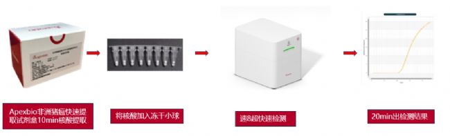 盤古 Super 8搭配Apexbio非洲豬瘟快速提取試劑盒和熒光定量PCR酶預混液,從快速核酸提取到出檢測結果,一站式解決,簡單方便快速。
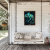 Polygonales Chamäleon in bunten Farben auf dunklem Hintergrund – geometrisch, modern, lebendig
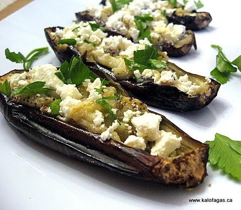 If you enjoy Melitzanosalata but you’re looking for a different take and presentation of this Greek taverna offering, this will do the trick. Simply put, eggplants are charred over direct heat on your gas or charcoal grill, the meat of the eggplant inside is spooned out, mashed and dressed with garlic, olive oil and seasoned then, spiked with some crumbled Feta and parsley. One simply spoons back the filling into the eggplant shells and serve up to your guests as part of your array of Greek appetizers.
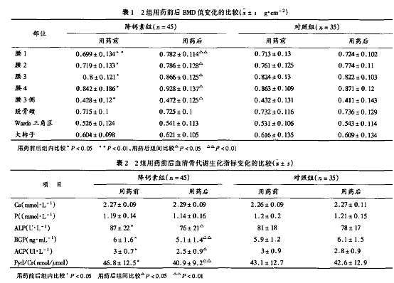| 用法用量 | 治疗组给予密盖息注射液,隔日肌注 50U,同时每日口服碳酸钙-维生素D,1片 对照组每天 给予碳酸钙-维生素D,1片 2组疗程均为6月。 |
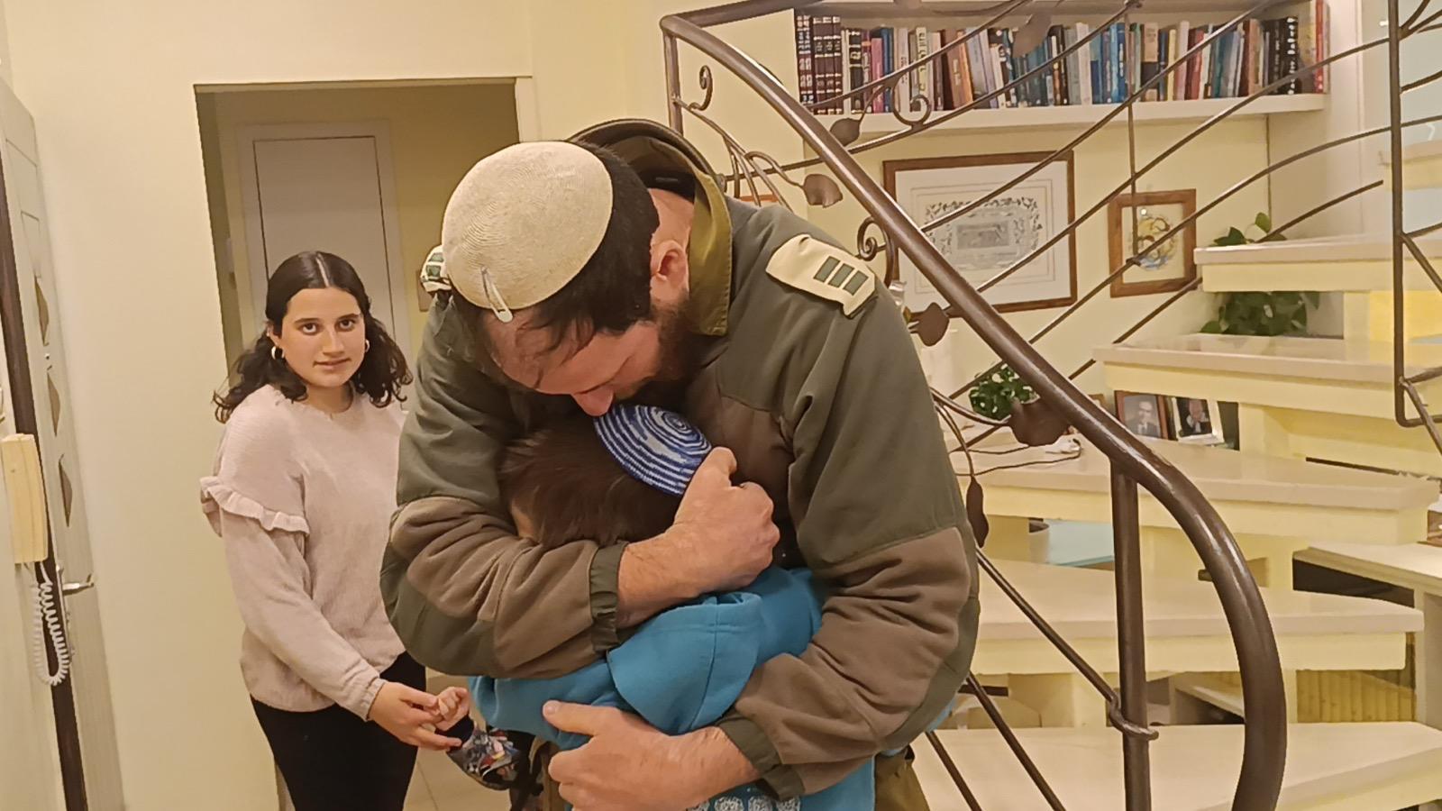 בריסטול ירוק רחב מידות מכסה את חלקה העליון של דלת ביתה של משפחת גולדברג, אשר מתגוררת בשכונת מקור חיים בירושלים. "אבא גיבור, התגעגענו, ברוך שובך!".
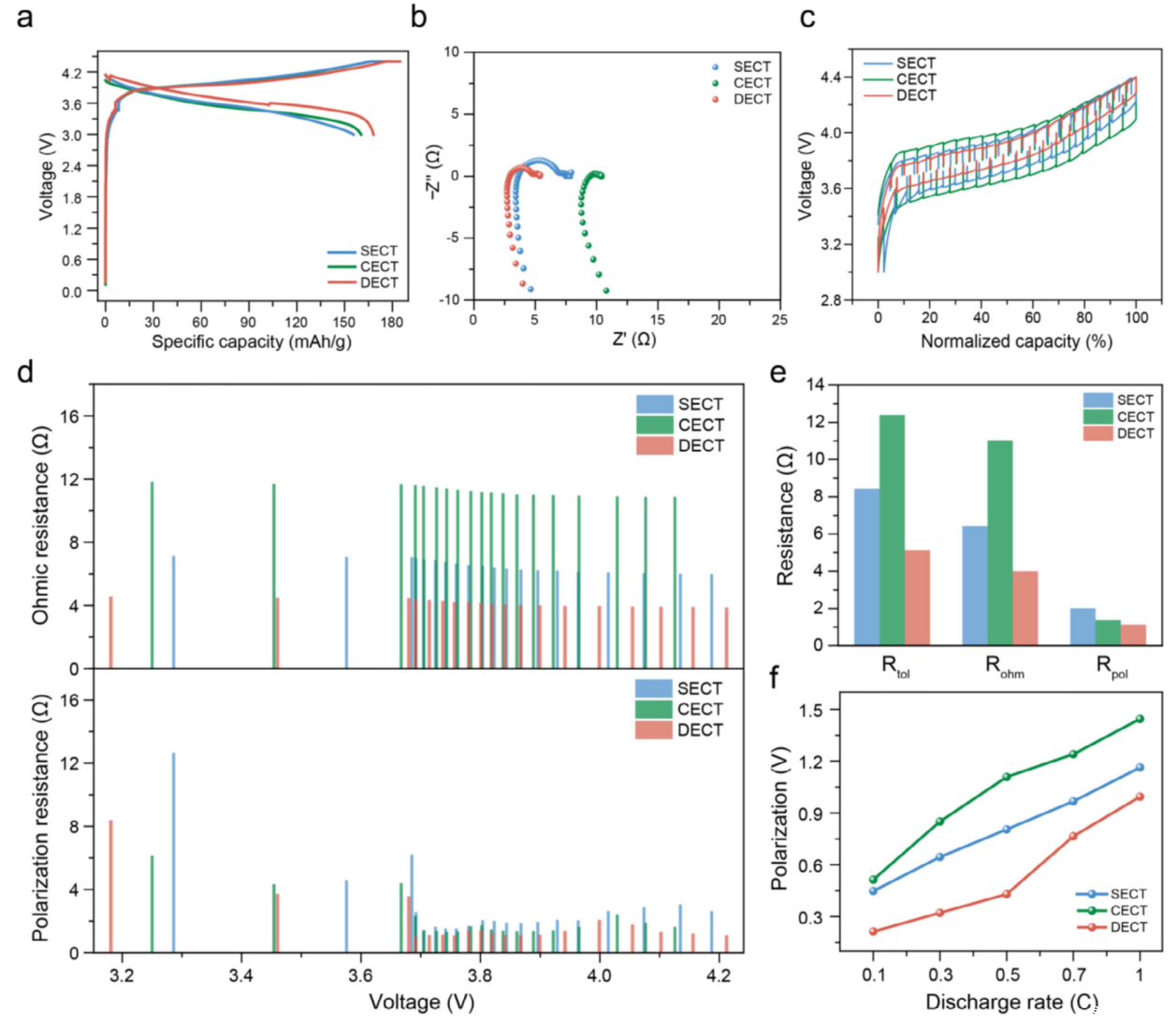 图4 5米长L-FLIBs内阻与极化分析 a) 化成循环充放电曲线。b) 奈奎斯特图。c) 恒电流间歇滴定(GITT)结果。 d) GITT脉冲计算的欧姆电阻与极化电阻。e) 50%荷电状态下的内阻对比。f) 不同放电倍率下的极化电压。
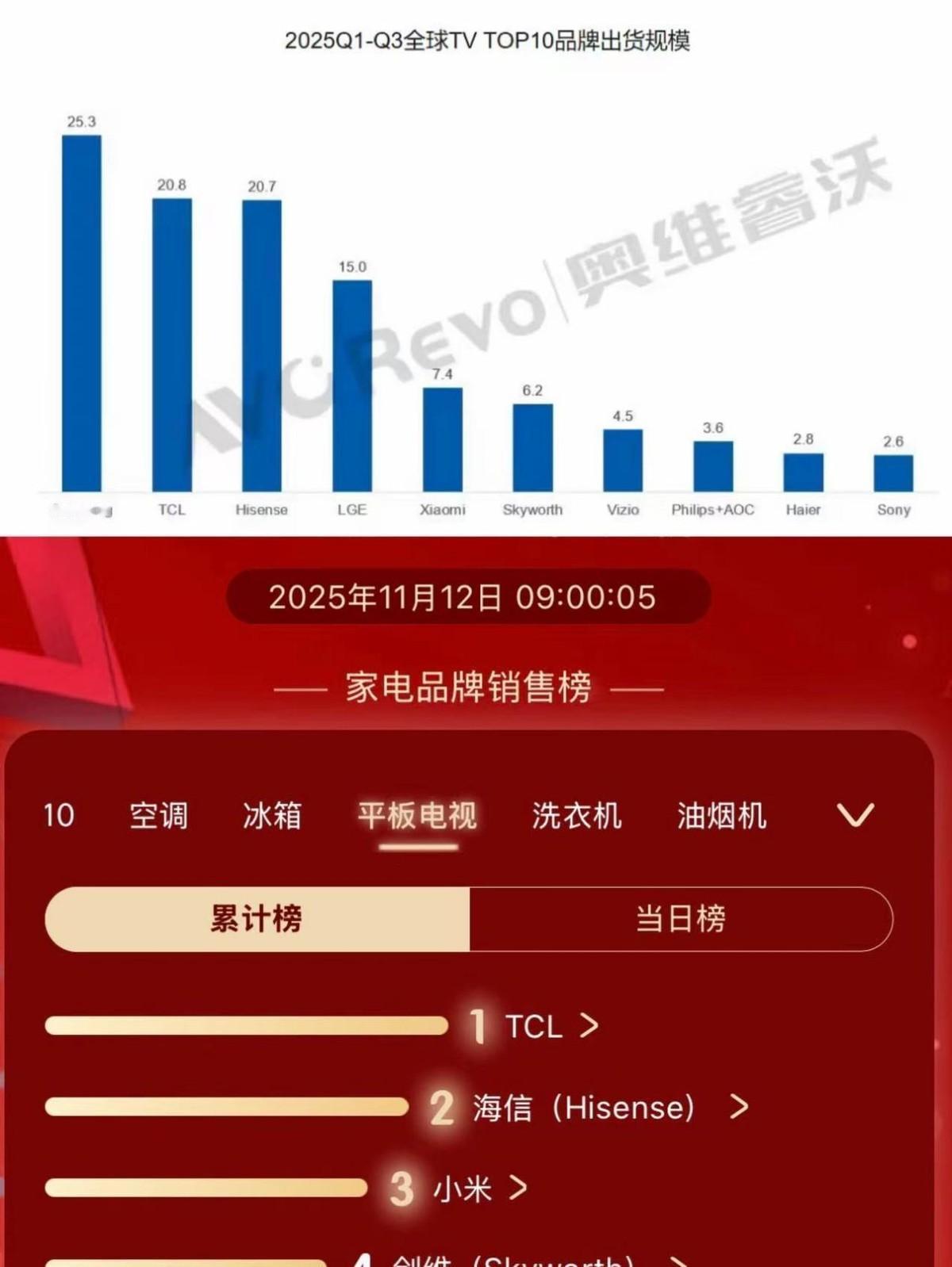 十年,在科技行业足以见证多次技术迭代与市场洗牌。而在显示领域,TCL用整整十年的专注深耕,印证了“技术破局”的深刻内涵——这需要的不仅是敢为人先的勇气,更是耐得住寂寞的持续沉淀。当行业陷入参数竞赛的怪圈时,TCL选择了一条更难但更正确的路:将SQD-Mini LED技术打磨成熟,为“何为好画质”这个根本性问题给出了扎实的答案。 在电视技术快速迭代的今天,一个核心的品类认知亟待厘清:高色域并不等同于高画质。这是评判一台Mini LED电视是否优秀的首要标准。当前主流市场主要存在两种技术路径:传统的RGB-Mini LED与TCL今年推出的SQD-Mini LED,它们的根本区别在于对画质理解的深度。RGB方案的核心是追求色彩范围的广度(即高色域参数),但它存在先天不足,易出现色彩串扰和光晕,使得实际观看的色彩纯净度和稳定性大打折扣。而SQD方案则致力于实现全局高色域,它通过“超级量子点”光源与“超级蝶翼华曜屏”的配合,实现了100% BT.2020全局高色域,并确保了任何画面下色彩都能精准、稳定地呈现。 除了色彩稳定性,画质的另一个核心维度是对比度。我们必须建立这样一个认知:没有高对比度和高亮度,就不能称之为一台好的Mini LED电视。Mini LED技术的优势,本就在于通过精细的分区控光来实现极致的明暗对比。在这方面,代表机型X11L展现了技术标杆的实力:凭借20736个万象分区与XDR 10000nits峰值亮度,它能够精准控制每一处光线的明暗,呈现深邃的暗场与璀璨的亮部细节,这才是Mini LED技术应有的价值体现。 这项历经十年沉淀的SQD-Mini LED技术,其价值已获得市场的广泛验证。行业数据显示,TCL在2025年前三季度斩获了“全球Mini LED出货量第二、中国品牌第一”的排名。同时,也荣登今年双十一竞速榜榜首。市场的反馈清晰地表明,当消费者逐渐认清RGB是实现高色域的一种方案,而SQD才是追求全局高画质的完整解决方案这一本质后,会自然而然地用选择为扎实的技术投票。双十一竞速榜第一名的战报与全球出货量排名,正是这场品类认知升级的最佳印证。 机皇降临 不颠覆不发布 这个双11TCL电视卖空了
.....
→ THE PROBLEM: Output every record exactly, minus the pictures.

→ OUTPUT FOR THIS TASK:
 盤古 Super 8搭配Apexbio非洲豬瘟快速提取試劑盒和熒光定量PCR酶預混液,從快速核酸提取到出檢測結果,一站式解決,簡單方便快速。
 Polygonales Chamäleon in bunten Farben auf dunklem Hintergrund – geometrisch, modern, lebendig
 If you enjoy Melitzanosalata but you’re looking for a different take and presentation of this Greek taverna offering, this will do the trick. Simply put, eggplants are charred over direct heat on your gas or charcoal grill, the meat of the eggplant inside is spooned out, mashed and dressed with garlic, olive oil and seasoned then, spiked with some crumbled Feta and parsley. One simply spoons back the filling into the eggplant shells and serve up to your guests as part of your array of Greek appetizers.
| 用法用量 | 治疗组给予密盖息注射液,隔日肌注 50U,同时每日口服碳酸钙-维生素D,1片 对照组每天 给予碳酸钙-维生素D,1片 2组疗程均为6月。 |
 בריסטול ירוק רחב מידות מכסה את חלקה העליון של דלת ביתה של משפחת גולדברג, אשר מתגוררת בשכונת מקור חיים בירושלים. "אבא גיבור, התגעגענו, ברוך שובך!".
 图4 5米长L-FLIBs内阻与极化分析 a) 化成循环充放电曲线。b) 奈奎斯特图。c) 恒电流间歇滴定(GITT)结果。 d) GITT脉冲计算的欧姆电阻与极化电阻。e) 50%荷电状态下的内阻对比。f) 不同放电倍率下的极化电压。
 十年,在科技行业足以见证多次技术迭代与市场洗牌。而在显示领域,TCL用整整十年的专注深耕,印证了“技术破局”的深刻内涵——这需要的不仅是敢为人先的勇气,更是耐得住寂寞的持续沉淀。当行业陷入参数竞赛的怪圈时,TCL选择了一条更难但更正确的路:将SQD-Mini LED技术打磨成熟,为“何为好画质”这个根本性问题给出了扎实的答案。 在电视技术快速迭代的今天,一个核心的品类认知亟待厘清:高色域并不等同于高画质。这是评判一台Mini LED电视是否优秀的首要标准。当前主流市场主要存在两种技术路径:传统的RGB-Mini LED与TCL今年推出的SQD-Mini LED,它们的根本区别在于对画质理解的深度。RGB方案的核心是追求色彩范围的广度(即高色域参数),但它存在先天不足,易出现色彩串扰和光晕,使得实际观看的色彩纯净度和稳定性大打折扣。而SQD方案则致力于实现全局高色域,它通过“超级量子点”光源与“超级蝶翼华曜屏”的配合,实现了100% BT.2020全局高色域,并确保了任何画面下色彩都能精准、稳定地呈现。 除了色彩稳定性,画质的另一个核心维度是对比度。我们必须建立这样一个认知:没有高对比度和高亮度,就不能称之为一台好的Mini LED电视。Mini LED技术的优势,本就在于通过精细的分区控光来实现极致的明暗对比。在这方面,代表机型X11L展现了技术标杆的实力:凭借20736个万象分区与XDR 10000nits峰值亮度,它能够精准控制每一处光线的明暗,呈现深邃的暗场与璀璨的亮部细节,这才是Mini LED技术应有的价值体现。 这项历经十年沉淀的SQD-Mini LED技术,其价值已获得市场的广泛验证。行业数据显示,TCL在2025年前三季度斩获了“全球Mini LED出货量第二、中国品牌第一”的排名。同时,也荣登今年双十一竞速榜榜首。市场的反馈清晰地表明,当消费者逐渐认清RGB是实现高色域的一种方案,而SQD才是追求全局高画质的完整解决方案这一本质后,会自然而然地用选择为扎实的技术投票。双十一竞速榜第一名的战报与全球出货量排名,正是这场品类认知升级的最佳印证。 机皇降临 不颠覆不发布 这个双11TCL电视卖空了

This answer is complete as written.